■ **How to complete this task**: Would you print, word for word, only the lines running from the line with "Black Leather 6" to the last line of the entries, without the pictures?

·····

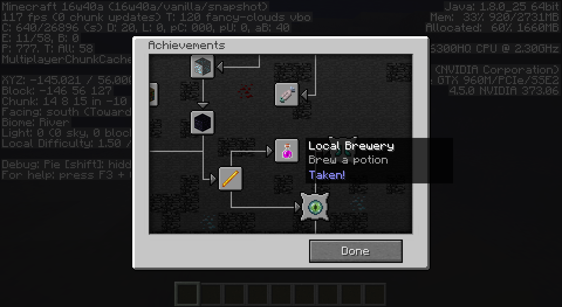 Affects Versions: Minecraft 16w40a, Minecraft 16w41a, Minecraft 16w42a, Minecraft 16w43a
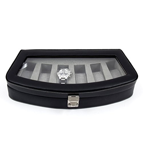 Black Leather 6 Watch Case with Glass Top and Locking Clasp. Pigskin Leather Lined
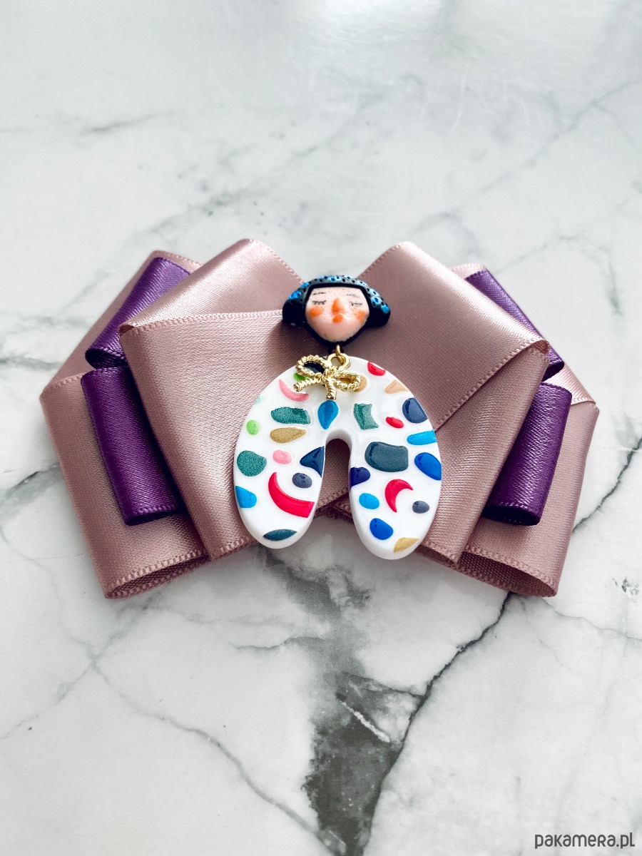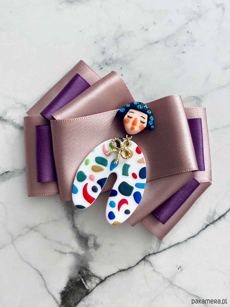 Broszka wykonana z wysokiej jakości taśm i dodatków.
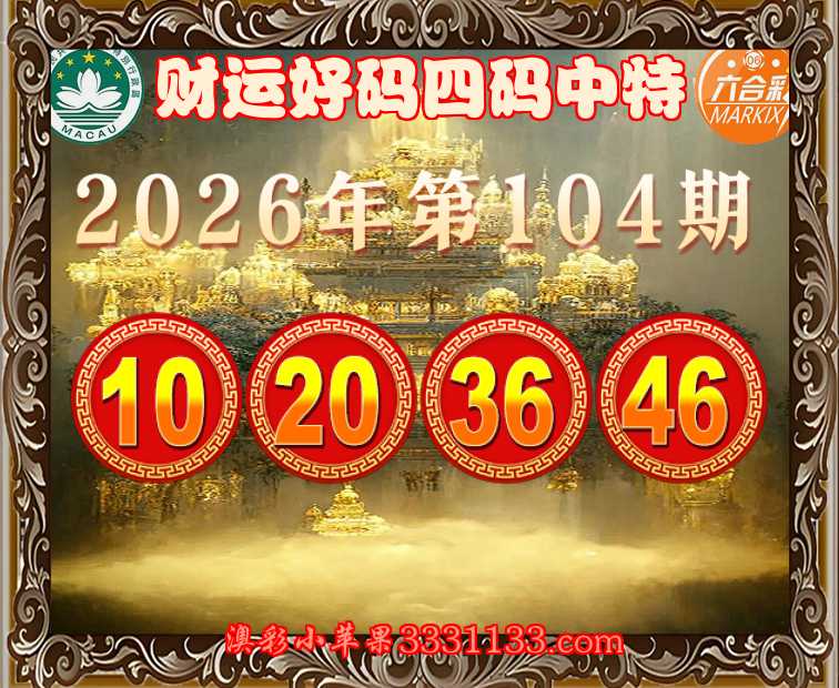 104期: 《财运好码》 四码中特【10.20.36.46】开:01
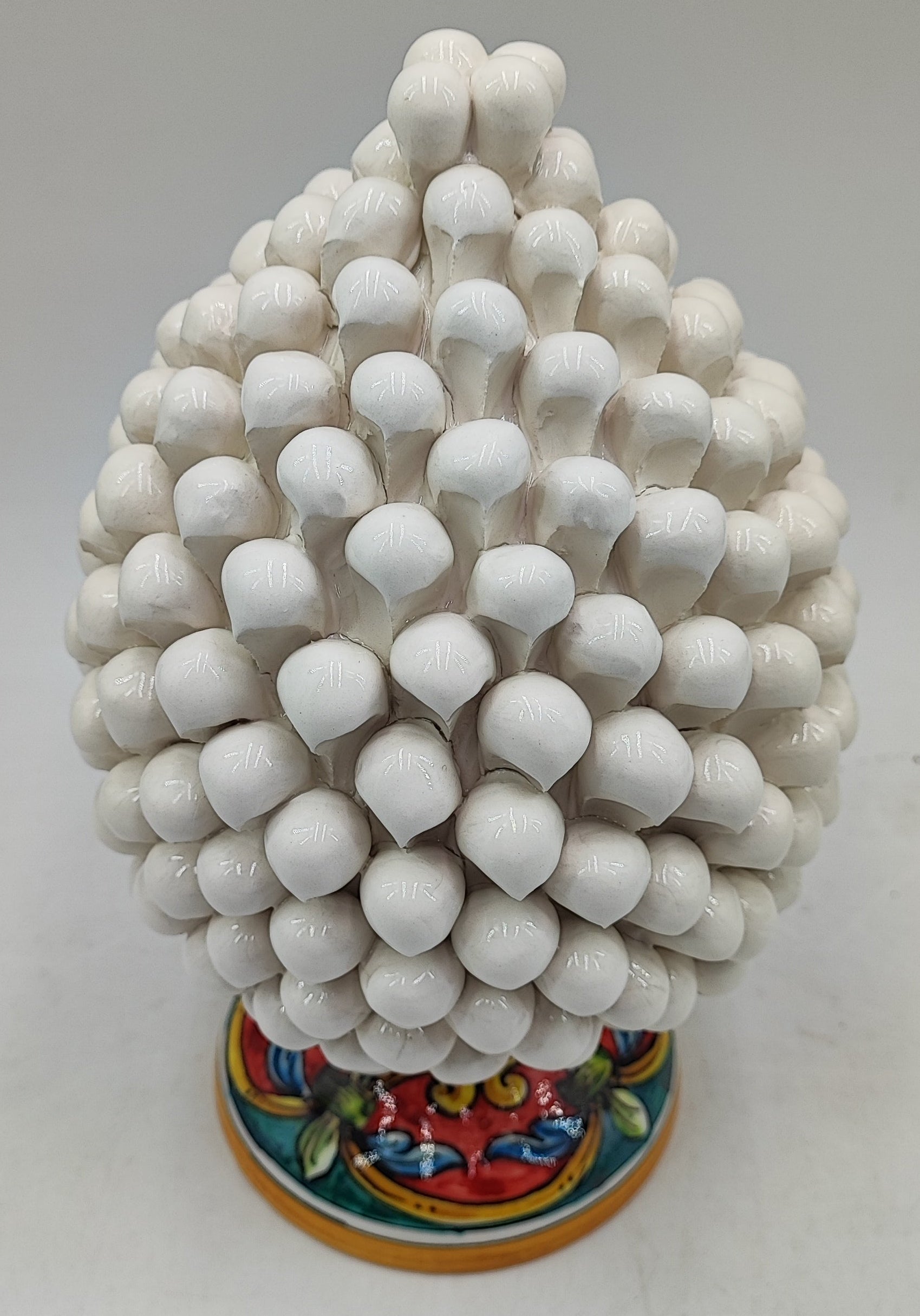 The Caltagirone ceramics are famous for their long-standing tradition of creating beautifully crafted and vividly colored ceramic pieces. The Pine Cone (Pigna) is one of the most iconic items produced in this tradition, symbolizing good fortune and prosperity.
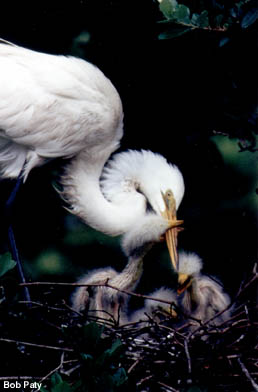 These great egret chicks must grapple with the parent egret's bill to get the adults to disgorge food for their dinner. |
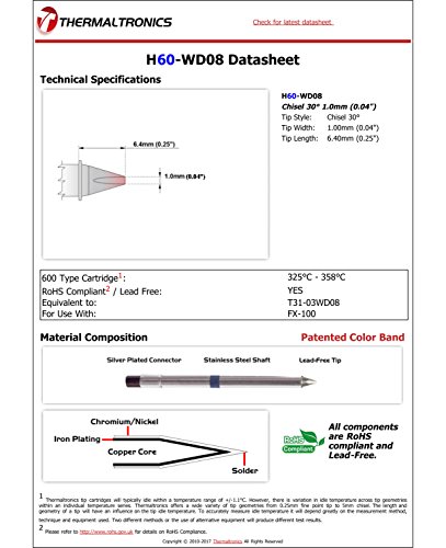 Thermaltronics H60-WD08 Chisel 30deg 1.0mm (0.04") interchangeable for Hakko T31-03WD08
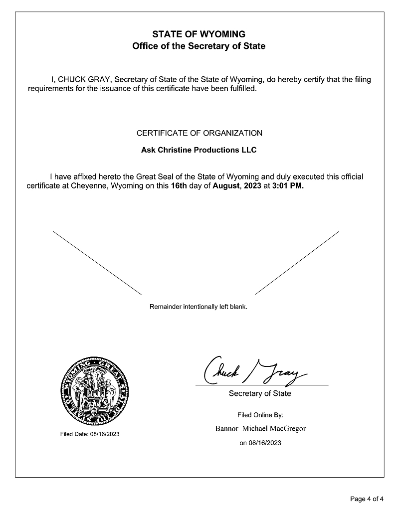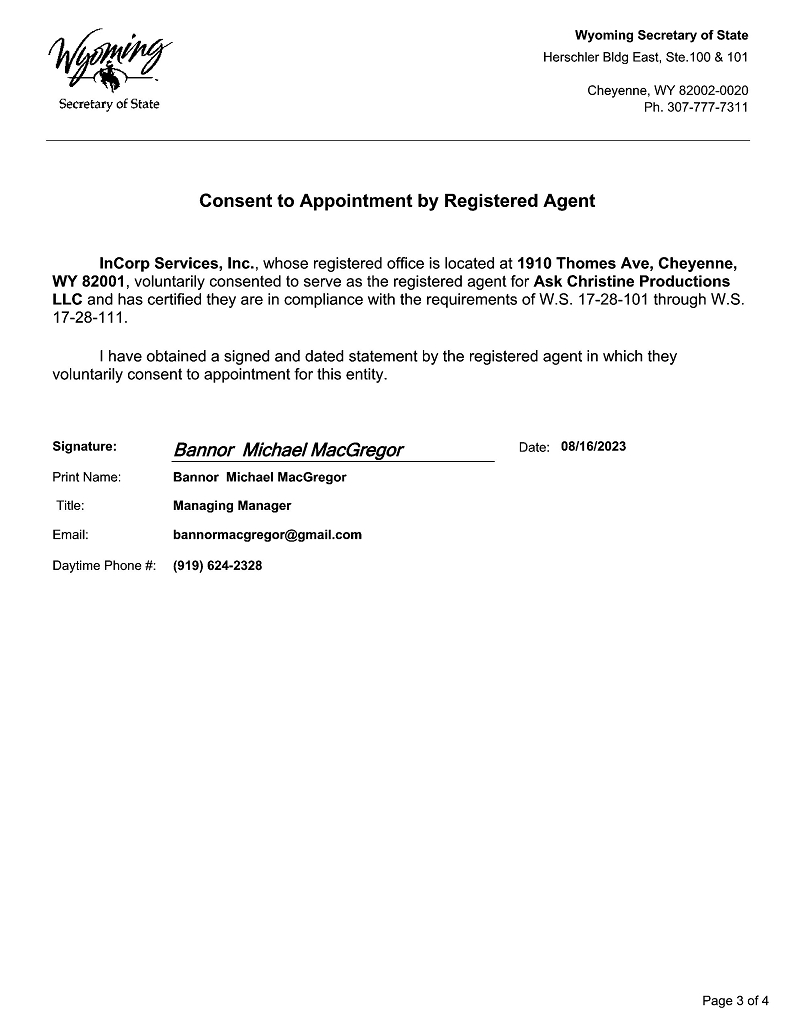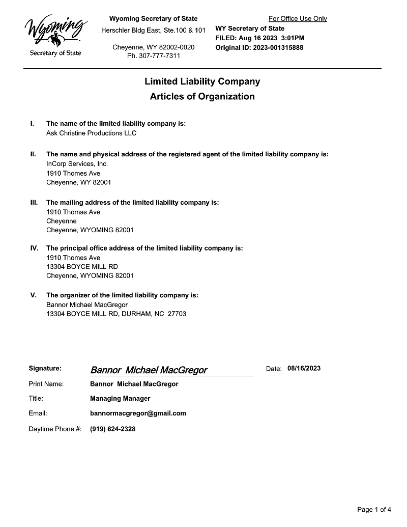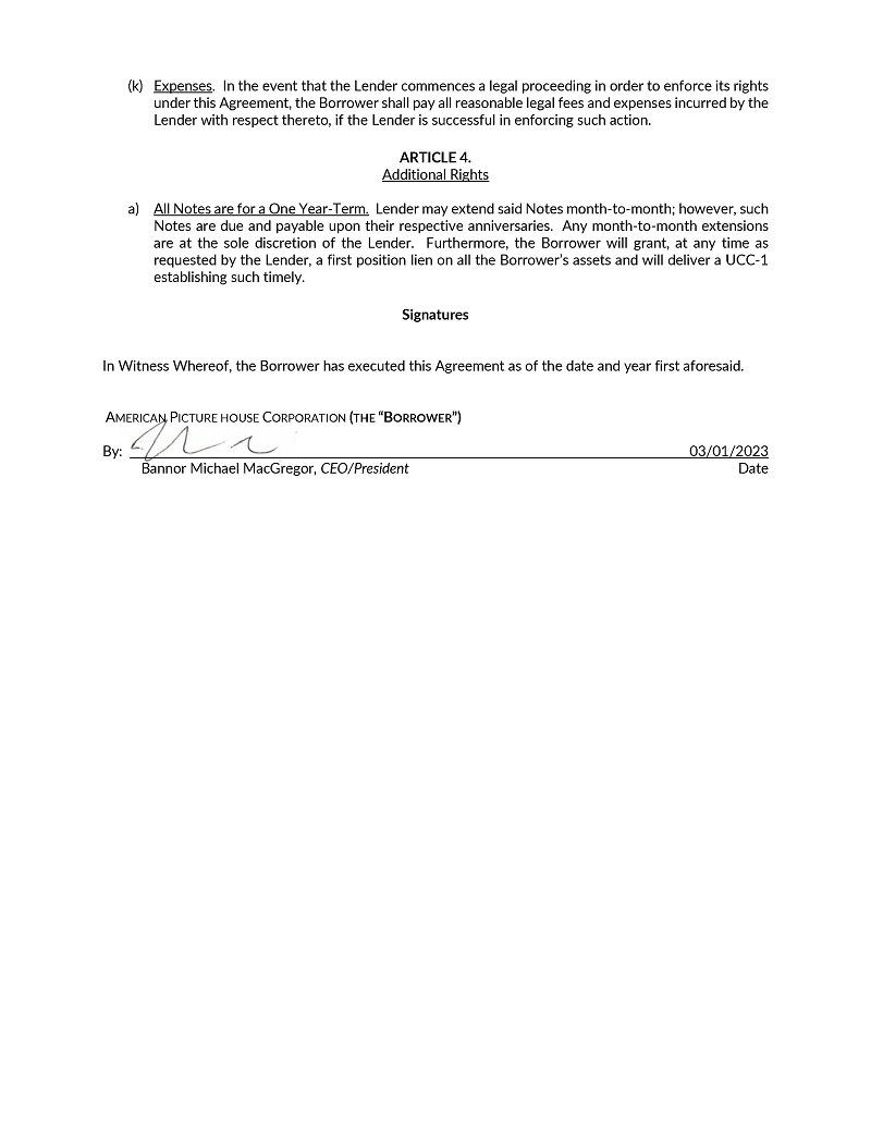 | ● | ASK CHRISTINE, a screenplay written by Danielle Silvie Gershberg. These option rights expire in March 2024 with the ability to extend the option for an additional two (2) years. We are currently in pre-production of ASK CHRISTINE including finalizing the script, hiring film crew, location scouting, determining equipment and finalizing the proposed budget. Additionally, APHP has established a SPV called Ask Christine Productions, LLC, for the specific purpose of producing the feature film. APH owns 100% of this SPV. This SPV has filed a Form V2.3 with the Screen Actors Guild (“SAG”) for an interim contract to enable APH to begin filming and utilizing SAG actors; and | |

·····

■ **Task answer**:
 Black Leather 6 Watch Case with Glass Top and Locking Clasp. Pigskin Leather Lined
 Broszka wykonana z wysokiej jakości taśm i dodatków.
 104期: 《财运好码》 四码中特【10.20.36.46】开:01
 The Caltagirone ceramics are famous for their long-standing tradition of creating beautifully crafted and vividly colored ceramic pieces. The Pine Cone (Pigna) is one of the most iconic items produced in this tradition, symbolizing good fortune and prosperity.
 These great egret chicks must grapple with the parent egret's bill to get the adults to disgorge food for their dinner. |
 Thermaltronics H60-WD08 Chisel 30deg 1.0mm (0.04") interchangeable for Hakko T31-03WD08
 | ● | ASK CHRISTINE, a screenplay written by Danielle Silvie Gershberg. These option rights expire in March 2024 with the ability to extend the option for an additional two (2) years. We are currently in pre-production of ASK CHRISTINE including finalizing the script, hiring film crew, location scouting, determining equipment and finalizing the proposed budget. Additionally, APHP has established a SPV called Ask Christine Productions, LLC, for the specific purpose of producing the feature film. APH owns 100% of this SPV. This SPV has filed a Form V2.3 with the Screen Actors Guild (“SAG”) for an interim contract to enable APH to begin filming and utilizing SAG actors; and | |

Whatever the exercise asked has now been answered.